I’ve been involved in the funeral business long enough to see the State of Minnesota move, in what I consider a more consumer friendly way, in respect to the business of preneed. I can go back to the 1980’s when we were only allowed to put a consumer’s designated funeral funds into a bank guaranteed certificate of deposit.
I’ve seen the preneed movement in our state then go to insurance sold by designated agents not affiliated with funeral homes to, what I believe is a better system today, whereby funeral homes can own insurance agencies and their funeral home employees can be licensed insurance agents and receive a commission for the sale of such policies to the consumer.
While it is nice to receive the commissions to be able to cover the cost of the program for the funeral home, I believe that the biggest advantage of having funeral home agents involved as compared to general agents not affiliated with funeral homes is that the consumers now can get the information on types of funerals and the related costs directly from the source who will be providing those services. That has to be an advantage for consumers.
In 2001, I took advantage of these, then new laws in the State of Minnesota. I became a licensed insurance agent, started an agency, and had some appointments of employee/agents under the agency. Funeral directors who now were also agents were able to sit down with consumers and discuss funeral costs and a way to insure that those costs could be paid at a later date. I think it was, and continues to be, a win-win situation for the funeral business and the consumer.

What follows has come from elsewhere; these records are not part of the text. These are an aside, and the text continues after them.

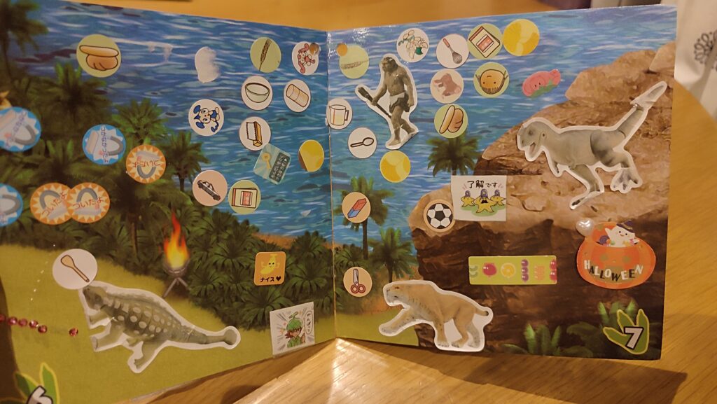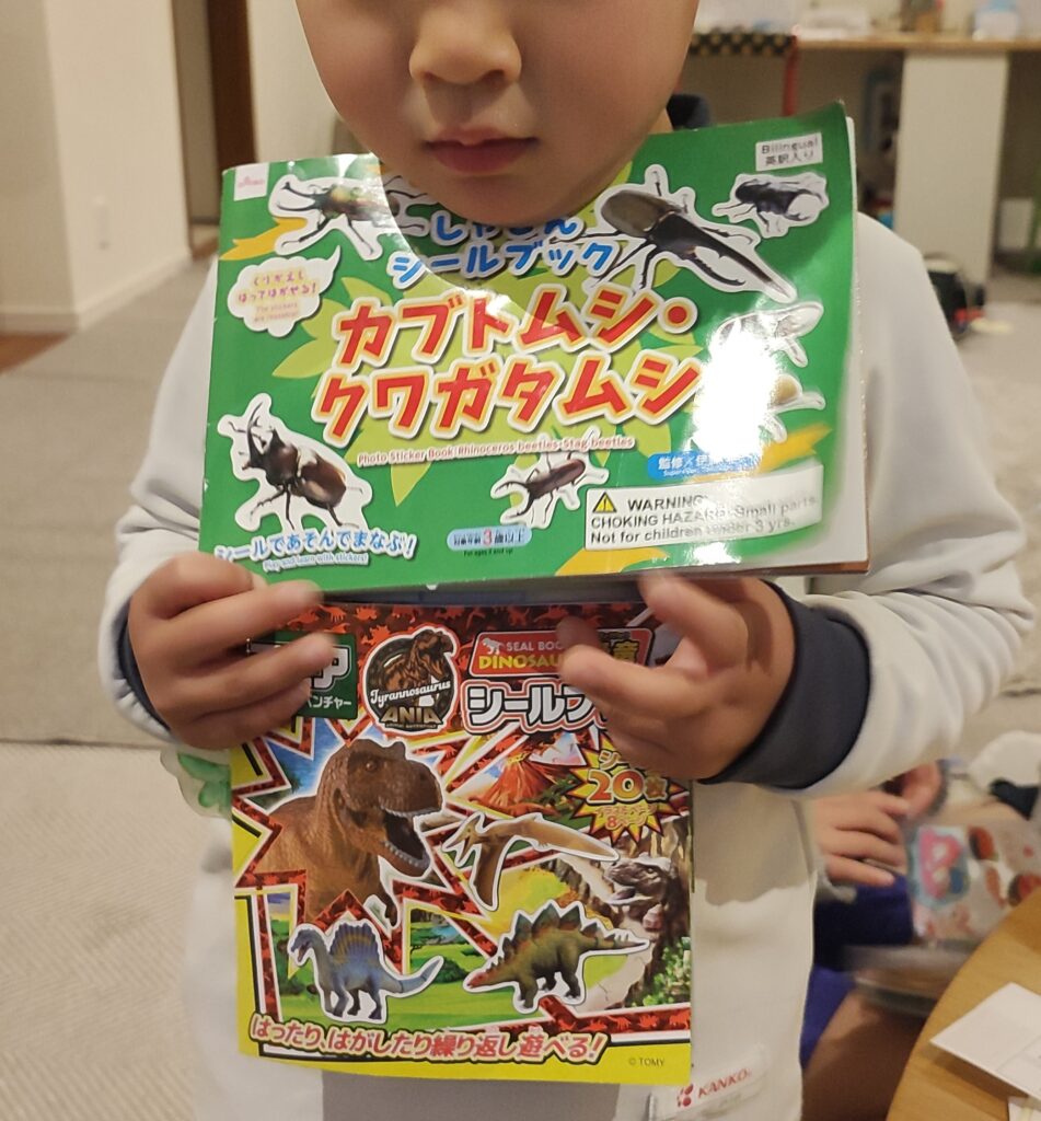 100均で購入した、アニアの恐竜&昆虫シールブック!
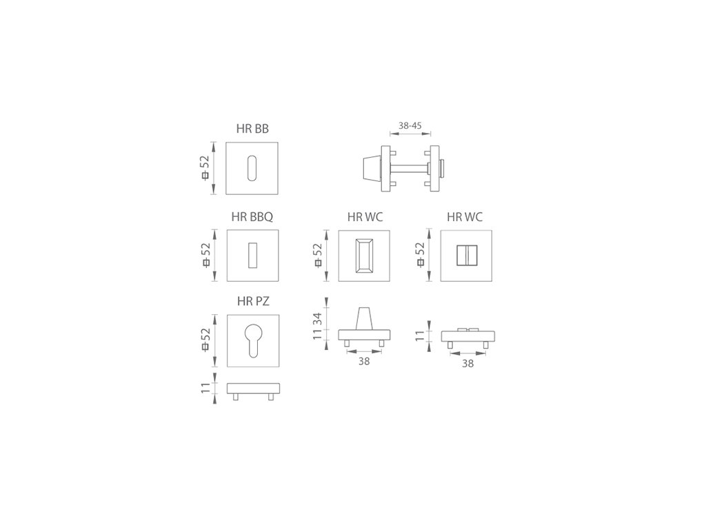 Hranatá rozeta je vyrobená z materiálov vysokej kvality - mosadz a je povrchovo upravená. Rozeta má rozmery 52 mm x 52 mm, hrúbku 11 mm a oválny otvor pre interiérový kľúč (BB), hranatý otvor pre interiérový klúč (BBQ), otvor pre cylindrickú vložku (PZ), WC set s vmontovaným kľúčom alebo rozetu bez otvoru tzv. záslepka. Balenie obsahuje 2 kusy roziet (pár) a rozety WC sú v balení ako set.
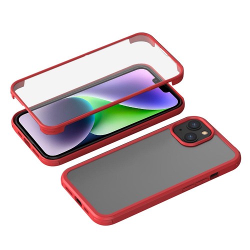 For iPhone 14 Single-sided Tempered Glass + TPU Phone Case Full Protection Anti-drop Cover – Red
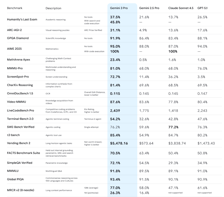 而且在多项权威基准测试中,Gemini 3 Pro 不仅干掉了自家前代,也把不少竞争对手甩在身后。
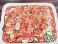 Теперь залить готовым соусом и запекать в хорошо нагретой в духовке примерно 30 минут при 200С. |
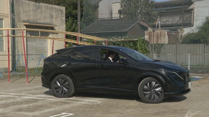日産自動車が制作した車と、社会の関わり方を学ぶ教材を活用したもので、児童らは電気自動車や自動運転技術について意見を交換したほか、電気自動車が自動で駐車する様子を見学しました。

I bring this information up today because I found this public relations article about an Oklahoma site for seniors to get “Burial Insurance” quotes. Without looking much further into it than looking at the web-site offered, it appears to me that the term “Burial Insurance” connotates the impression to those that may look into this insurance that this funding will pay for the consumer’s funeral.
In contrast, it looks to me like it is a site for what I would term “Final Expense” insurance and the the cost of a funeral is, if at all arrived at, arrived at only by guesstimate. It appears that the insurance, at the time of death, would be paid to a beneficiary that would then be expected to pay for the deceased’s final expenses which would include funeral expenses.
While final expense insurance is certainly valid and is better than no insurance, I question its value as a pre-planned funeral funding vehicle. That is especially true if the consumer has not visited with his funeral establishment of choice to know what his future costs will be.
While having nothing set aside for a funeral would be worse, I can image a circumstance where a person has a $5000 final expense plan that is intended, in good conscious, to pay for his funeral expenses. However, when his relatives go to select the funeral that they believe the consumer wanted, they may find out it costs $7,500 or $10,000. I’ve been in the arrangement room at those times and they are no fun for anybody concerned — the consumer family or the funeral home.
So, the reason for this article today is not to bash final expense policies or those that market them. There is a place for them. However, all funeral directors should know and be aware that many are being marketed as preneed plans and that is not what they are exclusively for. You need to know that they are out there and you need to market “preneed” plans as the better alternative for the consumer. Awareness by the consumer that you also offer these types of plans can be a real asset in building your volume. If you are not heavily invested in marketing preneed, the time to start is now.